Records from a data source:
###

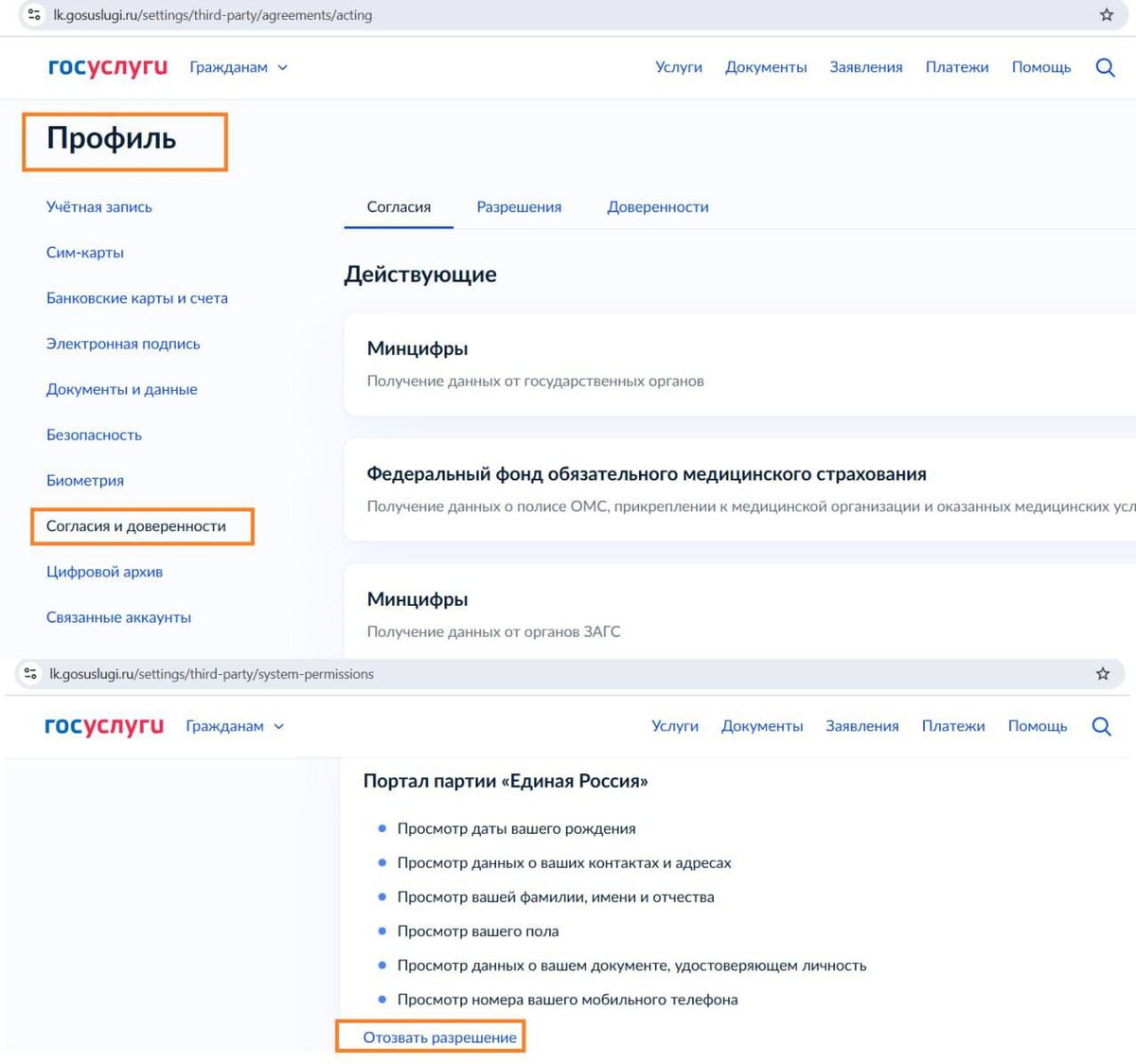 На Госуслугах в разделе "Профиль" — "Согласия и доверенности
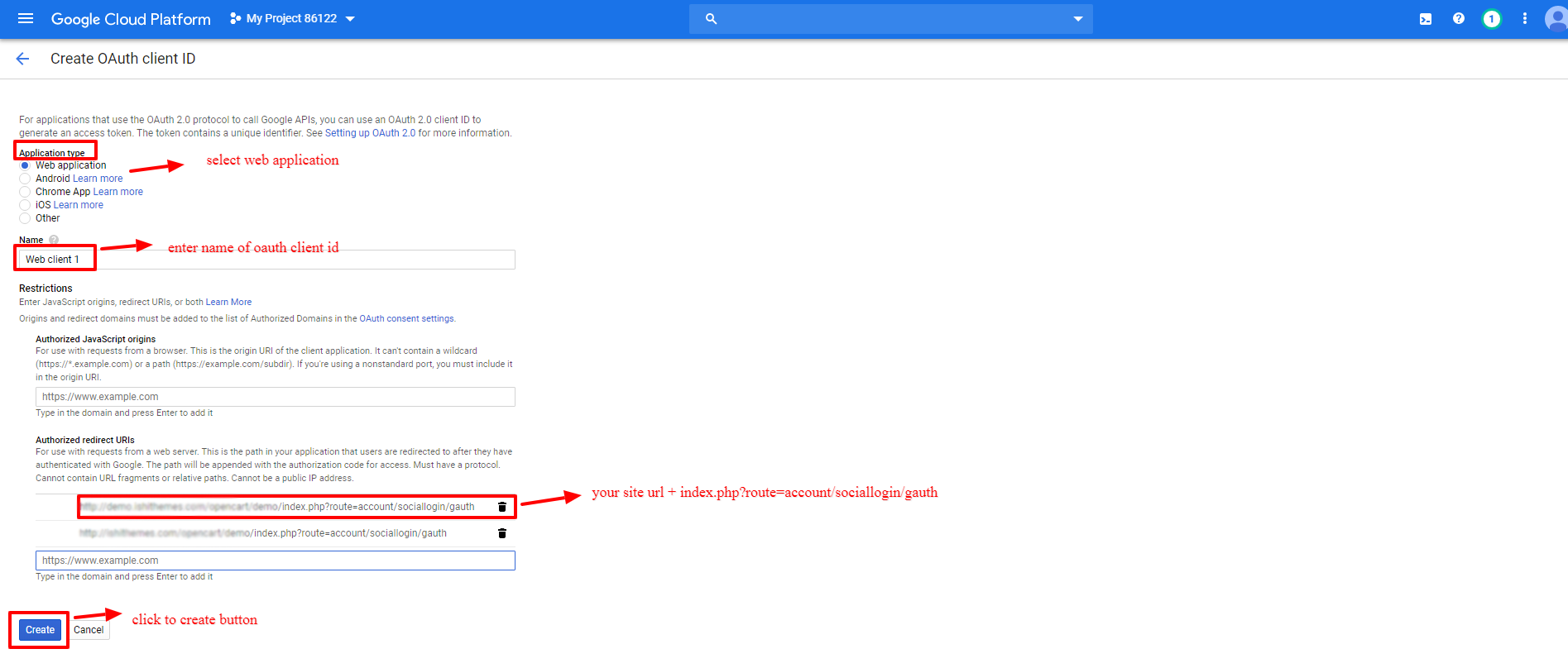 - C)Authorized Redirect urls : If your store url is https://www.google.com/ then your Redirect URL should be : https://www.google.com/index.php?route=account/sociallogin/gauth
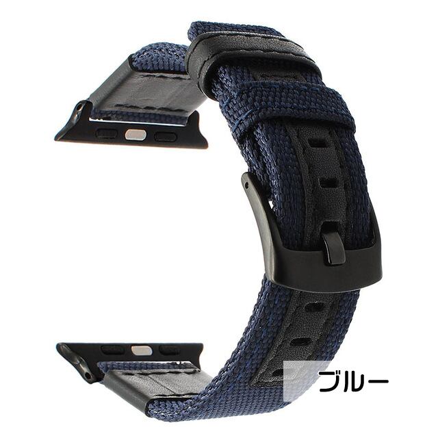 キャンバス 生地 本革 カジュアル アップルウォッチ 替えベルト バンド ( ブラック レッド グリーン ブルー ) スポーティ ユニセックス ★Apple Watch belt 38mm/42mm ★ [NW590]
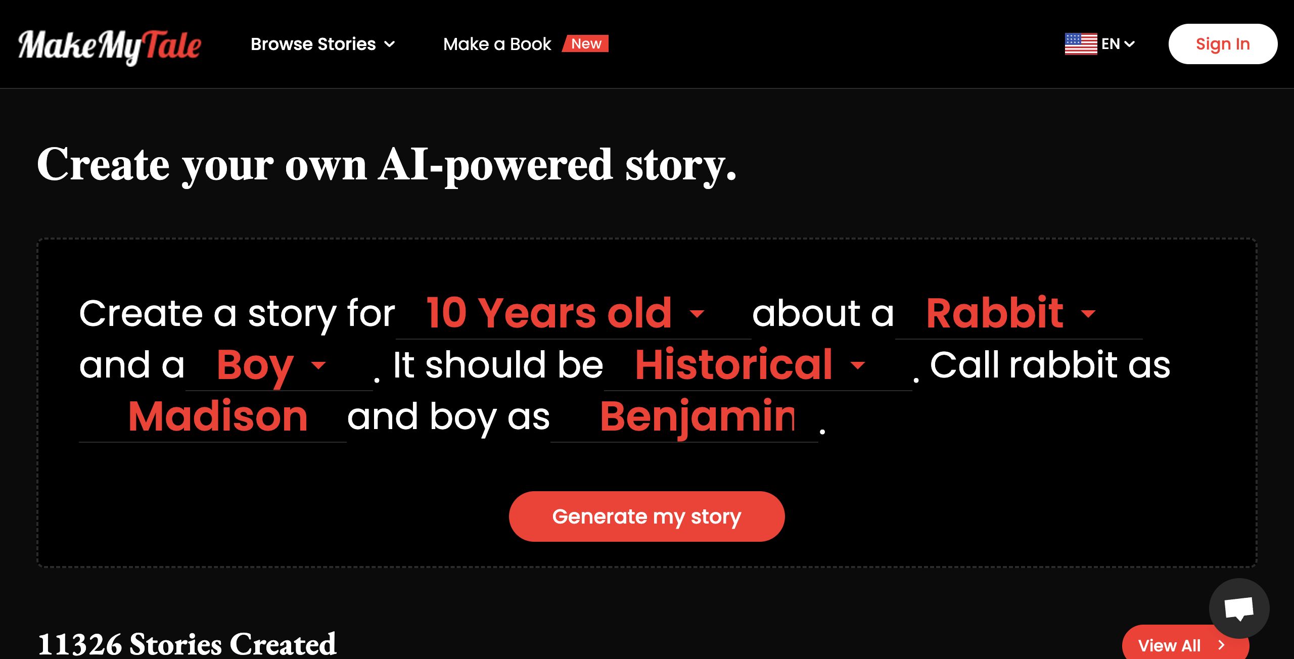 Open 'MakeMyTale' Website
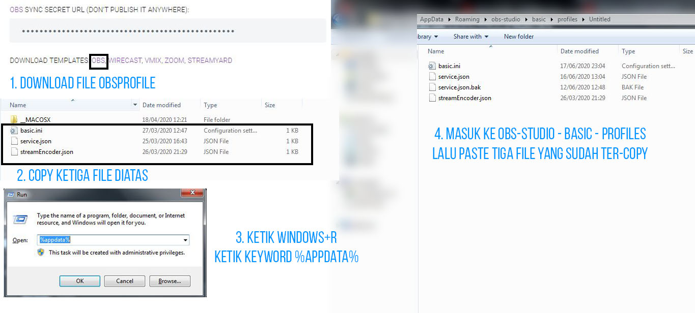 5. Kamu harus terlebih dahulu menginstall obsprofile dengan menekan tombol OBS lalu download obsprofile. Kemudian copy ketiga files tersebut ke dalam file obs – studio dengan menekan tombol windows+R lalu ketik %appdata%
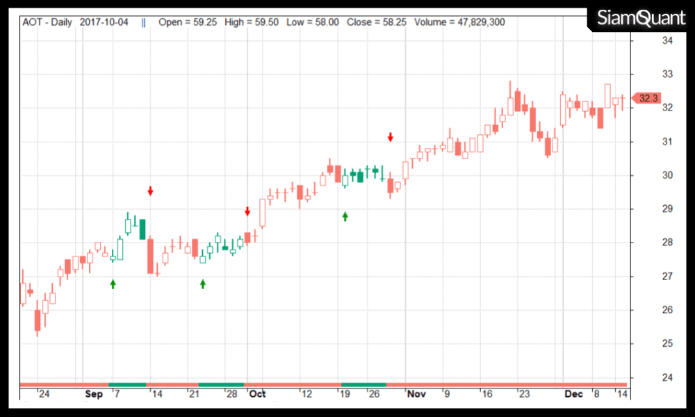 ภาพที่ 4 : ภาพแสดงสัญญาณสัญญาณการเข้าซื้อและขายตามกลยุทธ์การลงทุน OOPS
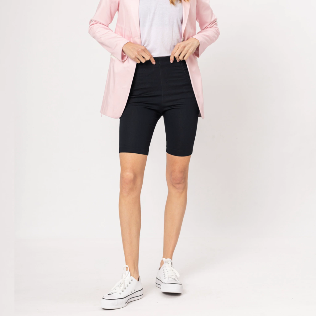 Biker tiro alto elatizado con doble cierre delantero de gabardina satinada negra.
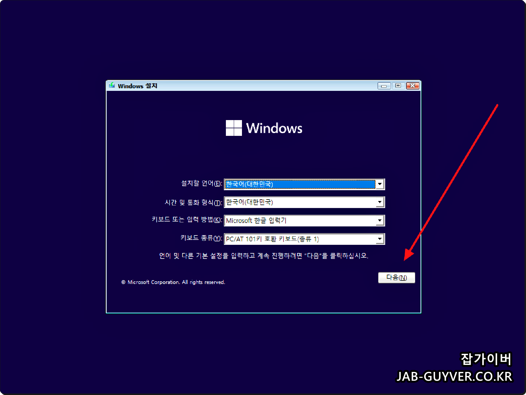 이후 평소와 같이 윈도우11 설치를 진행합니다.
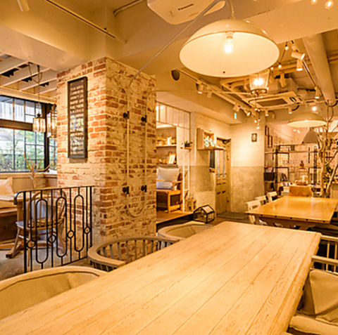 広々とした店内は、ナチュラルな木材とレンガ調の壁が調和し、居心地の良い空間を演出しています。中央のテーブル席は、友人や家族との楽しいひとときを過ごすのにぴったり。また、完全個室やソファ席など、様々な利用シーンに合わせた席種が揃っており、特別な日のお祝いからカジュアルなランチまで、多彩なシーンでお楽しみいただけます。
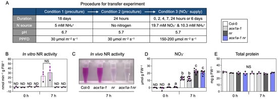 We manipulated the activities of nitrate reduction and AOX via the transfer experiment (Figure 1A) using Col-0 and mutants deficient in either or both NR and AOX activities. First, plants were grown for 18 days with ammonium as the sole N source (Condition 1 in Figure 1A) to ensure uniform growth independent of NR activity. Higher medium pH and lower light intensity were used to reduce ammonium toxicity and AOX expression [,,,], allowing uniform growth regardless of AOX activity. Second, plants were subjected to N starvation at pH 5.7 for 24 h (Condition 2) to induce AOX expression [,]. Finally, plants were transferred to a medium containing adequate nitrate and incubated under moderate light intensity (Condition 3), which induced NR expression and filled photosynthetically-derived reductants to the cell [,,]. The NR activity of Col-0 increased rapidly from 0 to 7 h after nitrate supply and slightly more from 7 to 24 h (Figure S1A). Both in vitro and in vivo NR activities were increased 7 h after nitrate supply in the shoots of Col-0 and aox1a-1 but not in nr and aox1a-1 nr (Figure 1B,C). Thus, we focused on the 7 h after nitrate supply to identify the early effects of nitrate reduction for subsequent experiments. We found that nitrate accumulated in the shoots of all lines after nitrate supply, with concentrations ranging from 12.1 to 22.4 µmol g−1 (Figure 1D), indicating an adequate supply of nitrate for signaling. Indeed, the expression of NIA2 encoding the major NR isoform in leaves [], which is inducible by nitrate signal [,], was strongly induced 7 h after nitrate supply in Col-0 and aox1a-1 but not in nr and aox1a-1 nr (Figure S1B). Higher nitrate concentrations in shoots of nr and aox1a-1 nr than Col-0 and aox1a-1 would reflect a deficiency in nitrate reduction (Figure 1D). Shoot protein concentrations were comparable among all lines before and after nitrate supply, ranging from 27.0 to 29.7 mg g−1 (Figure 1E), suggesting that no N starvation occurred. RT-qPCR and Western blot analyses confirmed that the signals corresponding to AOX1a and AOX were negligible in aox1a-1 and aox1a-1 nr (Figure S1C,D), suggesting that the knockout of AOX1a was sufficient to diminish AOX, as reported earlier [,,]. Taken together, these culturing conditions permit comparisons of plants’ differing nitrate reduction and AOX activity without causing ammonium toxicity, N starvation, and lack of nitrate signaling.

###

Task goal> Would you please output each record exactly, leaving the images out?

Response to this exercise>
 На Госуслугах в разделе "Профиль" — "Согласия и доверенности
 - C)Authorized Redirect urls : If your store url is https://www.google.com/ then your Redirect URL should be : https://www.google.com/index.php?route=account/sociallogin/gauth
 キャンバス 生地 本革 カジュアル アップルウォッチ 替えベルト バンド ( ブラック レッド グリーン ブルー ) スポーティ ユニセックス ★Apple Watch belt 38mm/42mm ★ [NW590]
 Open 'MakeMyTale' Website
 5. Kamu harus terlebih dahulu menginstall obsprofile dengan menekan tombol OBS lalu download obsprofile. Kemudian copy ketiga files tersebut ke dalam file obs – studio dengan menekan tombol windows+R lalu ketik %appdata%
 ภาพที่ 4 : ภาพแสดงสัญญาณสัญญาณการเข้าซื้อและขายตามกลยุทธ์การลงทุน OOPS
 Biker tiro alto elatizado con doble cierre delantero de gabardina satinada negra.
 이후 평소와 같이 윈도우11 설치를 진행합니다.
 広々とした店内は、ナチュラルな木材とレンガ調の壁が調和し、居心地の良い空間を演出しています。中央のテーブル席は、友人や家族との楽しいひとときを過ごすのにぴったり。また、完全個室やソファ席など、様々な利用シーンに合わせた席種が揃っており、特別な日のお祝いからカジュアルなランチまで、多彩なシーンでお楽しみいただけます。
 We manipulated the activities of nitrate reduction and AOX via the transfer experiment (Figure 1A) using Col-0 and mutants deficient in either or both NR and AOX activities. First, plants were grown for 18 days with ammonium as the sole N source (Condition 1 in Figure 1A) to ensure uniform growth independent of NR activity. Higher medium pH and lower light intensity were used to reduce ammonium toxicity and AOX expression [,,,], allowing uniform growth regardless of AOX activity. Second, plants were subjected to N starvation at pH 5.7 for 24 h (Condition 2) to induce AOX expression [,]. Finally, plants were transferred to a medium containing adequate nitrate and incubated under moderate light intensity (Condition 3), which induced NR expression and filled photosynthetically-derived reductants to the cell [,,]. The NR activity of Col-0 increased rapidly from 0 to 7 h after nitrate supply and slightly more from 7 to 24 h (Figure S1A). Both in vitro and in vivo NR activities were increased 7 h after nitrate supply in the shoots of Col-0 and aox1a-1 but not in nr and aox1a-1 nr (Figure 1B,C). Thus, we focused on the 7 h after nitrate supply to identify the early effects of nitrate reduction for subsequent experiments. We found that nitrate accumulated in the shoots of all lines after nitrate supply, with concentrations ranging from 12.1 to 22.4 µmol g−1 (Figure 1D), indicating an adequate supply of nitrate for signaling. Indeed, the expression of NIA2 encoding the major NR isoform in leaves [], which is inducible by nitrate signal [,], was strongly induced 7 h after nitrate supply in Col-0 and aox1a-1 but not in nr and aox1a-1 nr (Figure S1B). Higher nitrate concentrations in shoots of nr and aox1a-1 nr than Col-0 and aox1a-1 would reflect a deficiency in nitrate reduction (Figure 1D). Shoot protein concentrations were comparable among all lines before and after nitrate supply, ranging from 27.0 to 29.7 mg g−1 (Figure 1E), suggesting that no N starvation occurred. RT-qPCR and Western blot analyses confirmed that the signals corresponding to AOX1a and AOX were negligible in aox1a-1 and aox1a-1 nr (Figure S1C,D), suggesting that the knockout of AOX1a was sufficient to diminish AOX, as reported earlier [,,]. Taken together, these culturing conditions permit comparisons of plants’ differing nitrate reduction and AOX activity without causing ammonium toxicity, N starvation, and lack of nitrate signaling.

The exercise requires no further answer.